2011
Het gezin sterken door materiële zelfredzaamheid
Juni 2011


Huisbezoekboodschap

Het gezin sterken door materiële zelfredzaamheid

Bestudeer dit materiaal en bespreek het met de zusters die u bezoekt, als u dat gepast vindt. Gebruik de vragen om de zusters te sterken, en om de ZHV actief deel uit te laten maken van uw eigen leven.

geloof • gezin • hulp

Iedere zuster heeft tot taak om zelfredzaam te worden: het vermogen te ontwikkelen om voor zichzelf en haar gezin te zorgen. We worden zelfredzaam als we leren om met plezier te werken, als we streven naar inspiratie over hoe we het beste in ons onderhoud kunnen voorzien, en als we er met onze gezinsleden aan werken om in onze fundamentele behoeften te voorzien.

Zijn we zelfredzaam, dan gebruiken we onze zegens en middelen ter voorbereiding en vermijding van problemen. Maar onze zelfredzaamheid wordt vergroot als we bidden om de moed waarmee we de moeilijkheden tegemoet kunnen treden die beslist zullen komen. Als we zelfredzaam zijn, kunnen we ons verbond om voor anderen te zorgen nakomen.

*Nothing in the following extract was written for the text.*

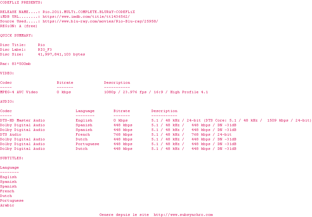 Y avez-vous pense ? Nous proposons déjà 1999 sous-titres pour le film Rio. Avez-vous essaye de voir si ces sous-titres etaient compatibles avec cette release ? On vous laisse le soin de tester cela pour nous et de contribuer au site en postant le sous-titre en cas de compatiblite constatee !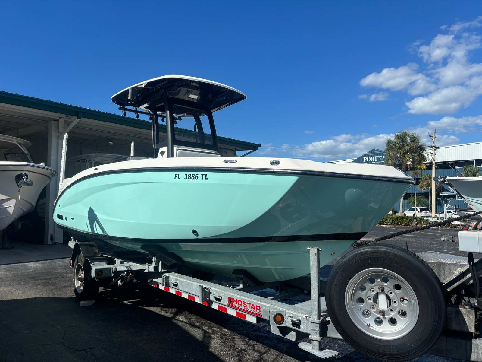 The FSH Sport E combines offshore fishing capability with the comfort and versatility of a family boat. Its spacious 22-foot layout comfortably seats up to 10 passengers and features a large swim platform, hard T-top, and tons of storage for all your gear.

In de ZHV leren we de beginselen en vaardigheden van zelfredzaamheid. Zusters kunnen de volgende onderwerpen leren: budgetteren, schulden afbetalen, beroepsvaardigheden ontwikkelen, de Schriften en het evangelie, anderen leren lezen en studeren, techniek, lichamelijke gezondheid, fitness, verslavingspreventie en -herstel, sociale en emotionele gezondheid, ziektepreventie, tuinieren, voedselproductie en -opslag; voorbereiding op noodsituaties, en nog veel andere onderwerpen waarmee ze zelfredzaam kunnen worden.1

Julie B. Beck, algemeen ZHV-presidente, legt uit dat ‘voor onszelf en voor anderen zorgen een bewijs is dat we discipelen van de Heer Jezus Christus zijn. (…) Toen [mijn schoonmoeder] vorig jaar plotseling overleed, liet ze tekens na dat ze zelfredzaam was geweest. Ze had een geldige tempelaanbeveling, veel gebruikte Schriften en evangelielesboeken. We verdeelden liefdevol de potten, pannen en schotels waarmee ze duizenden maaltijden had bereid. Ze liet ons quilts na die ze van oude kleding had gemaakt. Ze geloofde in het oude gezegde ‘Eet het, verslijt het, doe het ermee, of doe het zonder.’ We zagen de voedselvoorraad die ze had gekweekt, ingemaakt en opgeslagen. We vonden het vooral ontroerend om de boekjes te vinden waarin ze vele jaren trouw haar uitgaven had bijgehouden. Omdat ze verstandig leefde, liet ze wat geld na dat ze voor noodgevallen had gespaard, en ze liet geen schulden na! Maar wat belangrijker was, ze had veel andere mensen de vaardigheden geleerd die ze had opgedaan in haar getrouwe leven, en had anderen daarmee geïnspireerd.’2

Uit de Schriften

Johannes 13:34–35; Jakobus 1:27; Mosiah 4:26; Leer en Verbonden 29:34–35; 38:30; 44:6

Onze geschiedenis

De ZHV-zusters hebben zich altijd ingezet voor de stoffelijke en geestelijke redding van zielen. Bij de vergaderingen van de Female Relief Society of Nauvoo brachten de zusters wekelijks verslag uit over mensen in nood. Bijdragen van geld, goederen, talenten en tijd werden verdeeld om het lot van de behoeftigen te verlichten. Dit fundamentele werk van lijden verlichten is in de loop van de generaties het werk van de zustershulpvereniging gebleven.

Toen de heiligen in de Salt Lake Valley waren aangekomen, zei president Brigham Young (1801–1877) de zusters dat ze mensen in nood moesten helpen en vaardigheden moesten leren die hen in staat zouden stellen om voor zichzelf te zorgen. Hij zei: ‘Leer om in uw onderhoud te voorzien; sla graan en meel op, en bewaar het voor een tijd van schaarste.’3 Op aanwijzing van de priesterschap blijft de zustershulpvereniging de zusters leren om zelfredzaam te zijn en het gezin te beschermen, en blijft zij rechtschapenheid en goede daden, de reine liefde van Christus, aanmoedigen.

Noten

  1. Zie Handboek 2: de kerk besturen (2010), 9.4.2.

  2. Julie B. Beck, ‘The Welfare Responsibilities of the Relief Society President’, Basic Principles of Welfare and Self-Reliance (2009), p. 6.

  3. Leringen van kerkpresidenten: Brigham Young (1997), p. 232.